The study (11) that was conducted in 2015 showed that CBD and other ingredients extracted from the whole plant create a synergistic effect, and that is more beneficial in combating inflammatory conditions than single compound isolates. 

That means that if you choose a product that has CBD oil extracted from the whole plant, you will need smaller amounts of the extract to achieve beneficial effects.

Whether you will choose to use isolates or CBD oil extracted from the whole plant is only a matter of preference, since both isolates and whole-plant extracts have positive effects on our health.

 

Conclusion

 

Looking at all the evidence of how CBD oil can help with health issues, we can conclude that there is no one best way to take CBD oil, nor one dose that will bring everyone the same benefits. 

Every person is different and so are their preferences, health goals, and body chemistry. CBD oil comes with a wide range of consumption methods, so the possibility of not finding an adequate one is very low.
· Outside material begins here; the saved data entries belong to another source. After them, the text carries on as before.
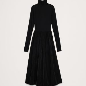 This maxi dress combines two favorites: a sleek knit jersey for the bodice and a full, taffeta skirt. Plus, we made the sleeves extra-long and added thumbholes just for fun.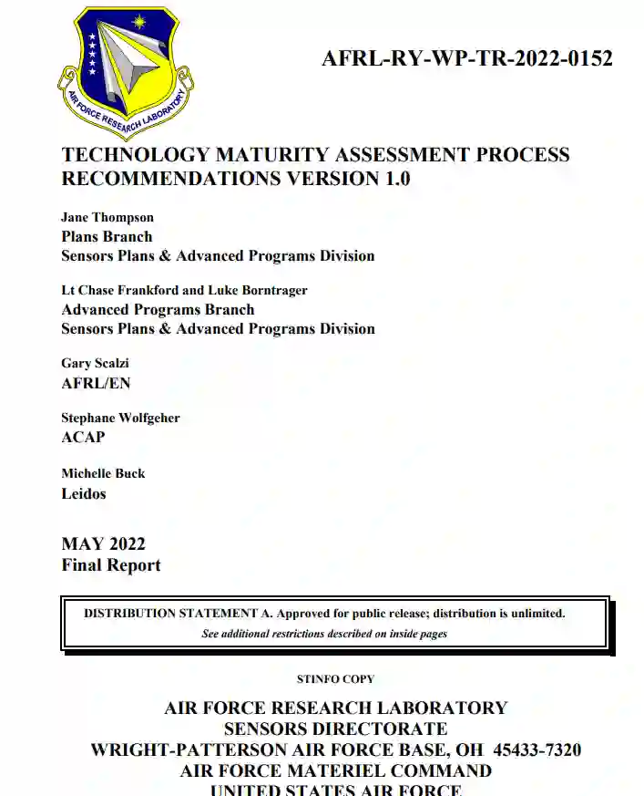 目前缺乏一种系统的方法来评估AFRL技术,也缺乏对任何评估的文件验证。虽然这并不是转型失败的原因,但有条不紊、准确和可验证的TRL评估过程有助于为其他多个过程奠定基础;支持与其他科技专业人士、管理机构和潜在的转型伙伴进行有意义的合作;并支持提高AFRL技术转型的概率。这些其他过程包括技术成熟计划(TMP)、推进难度(AD2)、制造准备水平(MRL)、集成准备水平(IRL)、系统准备评估和水平(SRA和SRL)、空军未来(HAF/A57,正式的空军作战人员集成能力(AFWIC))。技术、任务、资源、组织(TMRO)方法,AFRL过渡指标(ATM)和项目管理审查(PMR)。
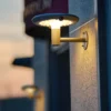 - Brighten up your outdoor spaces with this round solar outdoor wall lights. Built from sturdy aluminum with a sleek PC lampshade, this light combines style and durability. The dual motion sensors detect movement up to about 20 feet away, providing added security and peace of mind for your home.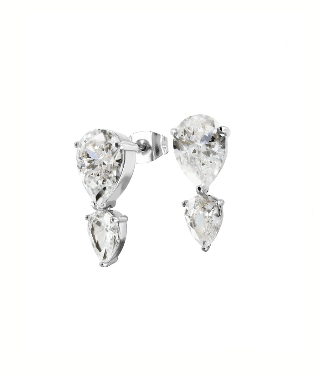 Hängande örhängen på stift i stål av 2st kloinfattade dropp-formade klara kristaller.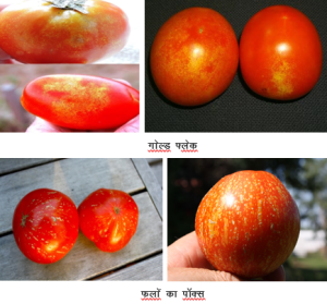 ज्यादातर मामलों में जब एक फल प्रभावित होता है तो दोनों विकार एक साथ पाए जाते हैं लेकिन इन विकारों को अलग – अलग समझा जाता है। पॉक्स, फलों के सतह पर अनियमित रूप से फैले हुए छोटे उभार या दरार होते हैं जो संख्या में काम या ज्यादा हो सकते हैं। वहीं गोल्ड फ्लेक में अपरिपक्व फलों के सतहों पर अनियमित आकार के छोटे हरे धब्बे दिखाई देते हैं जो फलों के पकने पर सुनहरे रंग के हो जाते हैं । इन विकारों से ग्रसित फल बाजार के लायक नहीं रहते हैं।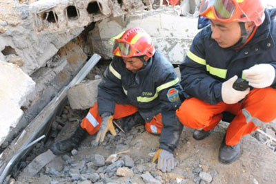 國(guó)家救援隊(duì)在到達(dá)玉樹(shù)機(jī)場(chǎng)后,救援隊(duì)員火速前往受災(zāi)最重的玉樹(shù)縣城結(jié)古鎮(zhèn)。全體救援隊(duì)員挑燈夜戰(zhàn),齊心協(xié)力營(yíng)救出2名幸存者。雖初戰(zhàn)告捷,但救援隊(duì)員不敢絲毫松懈,因?yàn)閺U墟還有更多生命等待我們。只要有一線希望,我們就會(huì)盡百倍努力,“不拋棄,不放棄”。

Experiment with different ways of using CBD oil, take baby steps with dosing, and find what suits you best.

 

References:

 

  1. Shannon S, Opila-Lehman J; Effectiveness of Cannabidiol Oil for Pediatric Anxiety and Insomnia as Part of Posttraumatic Stress Disorder: A Case Report; The Permanent Journal; 2016; 20(4):108-111.
  2. Blessing EM, Steenkamp MM, Manzanares J, Marmar CR. Cannabidiol as a Potential Treatment for Anxiety Disorders. Neurotherapeutics. 2015;12(4):825-36.
  3. Zuardi AW, Crippa JA, Hallak JE, Bhattacharyya S, Atakan Z, Martin-Santos R, McGuire PK, Guimarães FS; A critical review of the antipsychotic effects of cannabidiol: 30 years of a translational investigation; Current Pharmaceutical Design; 2012; 18(32):5131-40.
  4. Mecha M, Feliú A, Iñigo PM, Mestre L, Carrillo-Salinas FJ, Guaza C; Cannabidiol provides long-lasting protection against the deleterious effects of inflammation in a viral model of multiple sclerosis: a role for A2A receptors; Neurobiology of Disease; November 2013; 59:141-50.
  5. Oláh A, Tóth BI, Borbíró I, Sugawara K, Szöllõsi AG, Czifra G, Pál B, Ambrus L, Kloepper J, Camera E, Ludovici M, Picardo M, Voets T, Zouboulis CC, Paus R, Bíró T; Cannabidiol exerts sebostatic and antiinflammatory effects on human sebocytes; The Journal of clinical investigation; September 2014;124(9):3713-24.
  6. Welty TE, Luebke A, Gidal BE; Cannabidiol: promise and pitfalls; Epilepsy Currents; September 2014; 14(5):250-2.
  7. Kaur G, Andriola M, Manganas L; Efficacy of Cannabidiol in Children with Intractable Epilepsy; Neurology; April 2017; 88(16).
  8. Damian M; Laurie B; What Is the CBD Dosing Required for Effective Pain Relief?; December 2018.
  9. Bergamaschi MM, Queiroz RH, Zuardi AW, Crippa JA; Safety and side effects of cannabidiol, a Cannabis sativa constituent; Current Drug Safety; September 2011; 6(4):237-49.
  10. Iffland K, Grotenhermen F; An Update on Safety and Side Effects of Cannabidiol: A Review of Clinical Data and Relevant Animal Studies; Cannabis and Cannabinoid Research; June 2017; 2(1):139-154.
  11. Ruth G, Zhannah Y, Lumír OH; Overcoming the Bell-Shaped Dose-Response of Cannabidiol by Using Cannabis Extract Enriched in Cannabidiol; Pharmacology & Pharmacy;2015; 75-85.